# Does this look like a good recipe?



## Godiva (Aug 23, 2008)

I would like a bar that makes my skin feel clean and silky smooth, with lots of bubbles and lather (don't want much, do I?)  

I have all of these oils, so that's what I was working with.

Palm 25%
Coconut 25%
Olive pomace 20%
Palm Kernel 10%
Sweet Almond 5%
Shea 5%
Castor Oil 5%
Grapeseed 5%

I also add a little bit of sugar, salt, and silk fibers to my lye solution.  And I have my superfat at 6% in soapcalc.

These are the numbers I get in soapcalc

Hardness 45
Cleansing 23
Condition 51
Bubbly 28
Creamy 27
Iodine 53
INS 159

What do you think?  Any tweaking suggestions are welcome.  Or go back to the drawing board - ?


----------



## Laurie (Aug 23, 2008)

Godiva...I would take the CO or PKO down 5-10% and up the OO.  Even with that I would have to superfat 10%.  I love the cleansing and bubbles but we tend to have dry skin here.

But that's just me.  Maybe you could handle that cleansing.  Otherwise that looks like a great recipe.  Good Luck.

Laurie


----------



## wildcat (Sep 10, 2008)

If you want lots of lather up your castor or add another oil that adds to lather.


----------



## Annmarie0407 (Sep 10, 2008)

Do you always add the castor oil at trace?

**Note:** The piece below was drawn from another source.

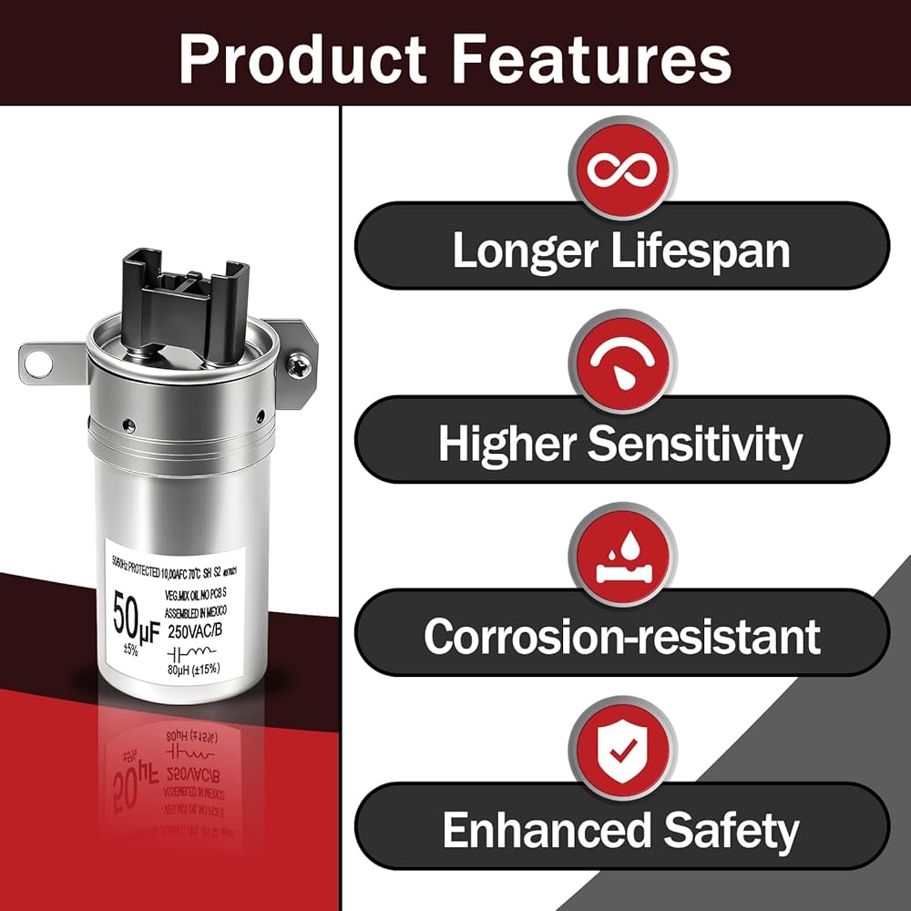- مطابقة دقيقة للمواصفات: مكثف البدء W11395618 هذا هو 50 درجة فهرنهايت ±5% و250 فولت تيار متردد، مما يوفر عزم الدوران المطلوب لبدء التشغيل

Or add it in when you are doing all your other oils(CO, OO, PO)?

Also, how much shea butter and cocoa butter should be added at trace?


----------



## wildcat (Sep 11, 2008)

I don't add any oils at trace - I add them all together.


----------



## soap_lady (Sep 11, 2008)

Looking at your specific recipe I think a little needs to be said about each of the ingredients.

Palm is a base oil, and helps provide hardness for your soap.

Coconut Oil and Palm Kernel Oil are oils that do double duty.  They help add hardness, bubbly lather as well as cleansing.   To much is not a good thing in this case.

Castor Oil is an awesome oil to use, but you really don't want to use more than 12% of it because it's been noted by others that you will start to see a sticky bar of soap with higher amounts.   It's used to add conditioning, bubbly and creamy lather.

Sweet Almond Oil, Shea Butter and Grapeseed oils are all in the class of emoillient oils and you really don't need any more than 5% of the total of these oils.  Because if you do anything more than that is a waste.

Olive oil can be a great oil to use but it is one that also needs to be used carefully.   It's an oil that will add to the hardness of your soap, given enough cure time.    (Meaning it will take a lot longer to cure than other types of soaps.)   But the reason why it needs to be used carefully is because of the type of lather that is given with higher amounts of olive oil.   Some describe the lather as slimy, and many don't care for it while others love it and can't get enough of it.    So it's a very personal choice on if your using it for yourself or if your making it for customers.    (And their likes and preferences)     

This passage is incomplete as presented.